By Louis Iba and Steve Agbota
Erisco Foods Limited says it plans to shut down its tomato paste processing business in Nigeria owing to unfavourable operating climate.
President/CEO of the company, Chief Eric Umeofia, who addressed the media in Lagos on Wednesday, said the cost of running both the Nigerian farm in Katsina and the fresh tomato paste processing plant business in Lagos had become too exorbitant with high cost of foreign exchange (forex) as well as the inability of regulatory agencies to halt the importation and dumping of tomato paste in the country to protect the local industry.
According to him, bearing last minute improvement the management of the company had concluded plans to shut the Nigerian operations in the next 30 days and lay off about 1,500 workers.
Umeofia listed key government polices that would force the company to rescind it’s shutdown decision to include access to forex from the Central Bank of Nigeria (CBN) to import raw materials and machine spares, while the Standard Organisation of Nigeria (SON) and NAFDAC will have also taken concret steps to end the import and dumping of substandard tomato paste in Nigeria which he said disrupted efforts to sell locally processed tomato paste.
“The CBN has refused to give us forex to import machinery, machine spare parts and our raw materials to be used for production of Nigerian fresh tomatoes into paste,” said Umeofia.
“The CBN, like NAFDAC is against my business because while they refuse me forex, they are approving intervention loan and forex to companies mostly owned by foreigners to import the same finished tomato paste and other items like frozen fish, fish heads and super market items that we don’t need at all or we can produce better in Nigeria.
“We are running our business relying on the dollars that we source from the parallel market at the exchange rate of over, 450 to a $1.
“In view of the above, Erisco Foods will be forced to relocate our operations to a country where there is a conducive and favourable environment for tomato paste manufacturing if within 30 days from now nothing significant is done by the government to address these issues raised by us.
“We intend to manufacture from outside, export and sell in Nigeria.
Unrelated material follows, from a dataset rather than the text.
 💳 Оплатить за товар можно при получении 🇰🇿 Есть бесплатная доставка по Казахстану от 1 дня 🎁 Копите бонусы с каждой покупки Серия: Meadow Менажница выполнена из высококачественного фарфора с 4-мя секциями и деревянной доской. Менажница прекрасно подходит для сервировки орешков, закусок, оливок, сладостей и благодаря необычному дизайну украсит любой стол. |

It will be more profitable to us that way. Against this back also about 1,500 of our 2, 520 staff will be laid off because we can’t sustain the huge staff strength given the shift in our new production policy.
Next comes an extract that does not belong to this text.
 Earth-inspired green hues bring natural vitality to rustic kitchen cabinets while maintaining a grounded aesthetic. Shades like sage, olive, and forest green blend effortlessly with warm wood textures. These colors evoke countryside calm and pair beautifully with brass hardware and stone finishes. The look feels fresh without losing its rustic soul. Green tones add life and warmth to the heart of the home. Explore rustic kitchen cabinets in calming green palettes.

We however assure our consumers that the same products will be made available to them though manufactured by us in other countries as done by all other brands of tomato paste in the Nigerian market today since that is what Nigerian government wants,” he added. As the press conference was going on, some staff who got wind of the planned sack staged a peaceful protest outside urging the management not to shut down and imploring the Federal Government to assist the company stay afloat.
Mr. Ezeugwa Obinna, a Maintenance Manager with the company who addressed the media on behalf of the workers said sending about 1,500 workers into the labour market would compound the unemployment woes in the country. “We are begging President Buhari, Governor Ambode, the CBN, NAFDAC, the Ministers of Employment, Industry Trade and Investment to step in and assist protect our jobs,” Obinna added.